More students are defaulting on their loans, the Chronicle of Higher Education reports. According to a U.S. Department of Education report released on Monday, the “cohort default rate” on student loans increased to 8.8 percent, up from 7 percent in the previous year. That is, 320,000 out of 3.6 million student-loan borrowers whose first repayment period landed between October 1, 2008 and September 30, 2009 defaulted before September 30, 2010.
The cohort default rate measures the proportion of students who defaulted within two years of entering the repayment period. In 2008, the cohort default rate at for-profit institutions was 11.6 percent; in 2009, it was 15 percent. At public institutions, the default rate increased from 6 percent to 7.2 percent; at private universities, it increased from 4 percent to 4.6 percent. Taken together, these figures indicate an overall faster rise in default rates.

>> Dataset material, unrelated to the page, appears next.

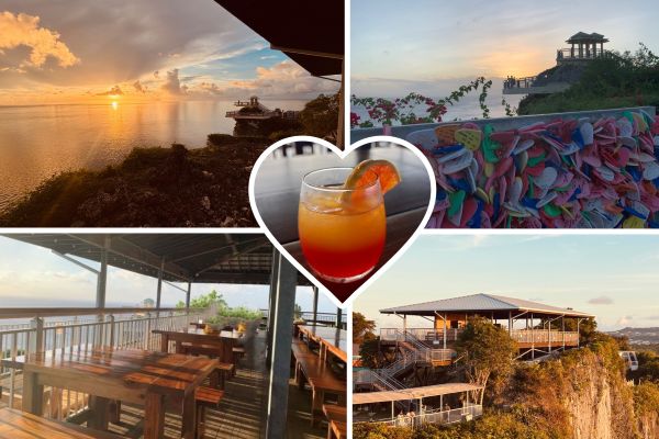 グアムの国旗にも描かれているグアムの名所で絶景スポット「恋人岬」で美しいサンセットを満喫!大パノラマを堪能後、施設内にある「ゆうやけテラス(Terraza at Dos Amantes)」でドリンクで乾杯!

For recent college graduates, the consequences of defaulting could stay with them for years. A default could severely impact their credit rating, making it far more difficult for them to buy a car or house, or even rent an apartment and get a job.
Why the Increase?
James R. Kvaal, deputy under secretary of education, noted two trends. With the unemployment rate at 9.1 percent and no new jobs added in August, the economic outlook for students remains gloomy. Kvaal specifically cited a “strong correlation between student-loan default rates and unemployment rates, as well as credit-delinquency rates.” Second, he pointed out that growth in for-profit colleges has pushed up the default rate overall:
In fact, more than half of the total increase in the number of defaulters from 2008 to 2009 arose from the for-profit sector. There were 81,000 more defaulters in 2009 than in 2008, and 49,000 of them, or about 60 percent, came from the for-profit side.
Debbie Cochrane, a program director at the Institute for College Access & Success, notes that, while it is hard to single out one reason that more students are defaulting on their loans, “allegations of deceptive or fraudulent recruiting practices in the sector, including misrepresenting college graduation rates to potential students to encourage them to enroll and take out loans.”
As Mark Kantrowitz, publisher of FinAid, a site with information on student aid, points out, for-profit colleges should not necessarily be singled out for the rise in the student default rate. For-profit colleges typically enroll more low-income students who are less likely to graduate; students who fail to graduate are three times as likely to default on their loans.
A Little Known Program Could Help Borrowers
As the New York Times says, a recent study by the Institute for Higher Education Policy has found that, for every student who defaults, two more fall behind in their payments. Only 37 percent of borrowers who started to pay back their loans in 2005 were able to do so on time, the study found. An income-based repayment program that began in 2009 could help many borrowers who are unemployed or earning little, but it is not widely used:
Under the program, borrowers who pay 15 percent of their discretionary income for 25 years — 10 years if they are in public service — can have the rest of their federal student loan debt forgiven; in 2014, that will go down to paying 10 percent of discretionary income for 20 years.
“In the age of income-based repayment, there is no reason for a student to default, since even a payment of zero dollars is acceptable payment, if you have zero discretionary income,” Ms. Cochrane said. “But as of April of this year, only about 350,000 borrowers have entered income-based payment, a small subset of the eligible population. Students need to understand the options, colleges need to share the information, and the department needs to make it as easy as possible for students to enroll.”
Community Colleges Receiving Less State and Federal Funding
Another report, “Trends in College Spending, 1999-2009,” by the Delta Coast Project, “paints a picture of higher education in the United States as an enterprise that is turning increasingly to tuition increases to fill financing gaps—a trend that fuels students’ and parents’ unease about the cost of higher education.” The report, says the Chronicle of Higher Education, finds that community colleges have been the hardest hit by a downturn in educational spending. With growing enrollments and less support from state and federal sectors, community colleges saw their funding for educational and related activities shrink by 3.4 percent from 2008 to 2009. Any “new money” that is coming into higher education is coming from tuition and student fees.
Mindful of the importance of a college degree, students who don’t have the funds on hand for tuition have no choice but to take out loans — and if there are no jobs for them after they finish college, they face the likelihood of joining the ranks of borrowers who default.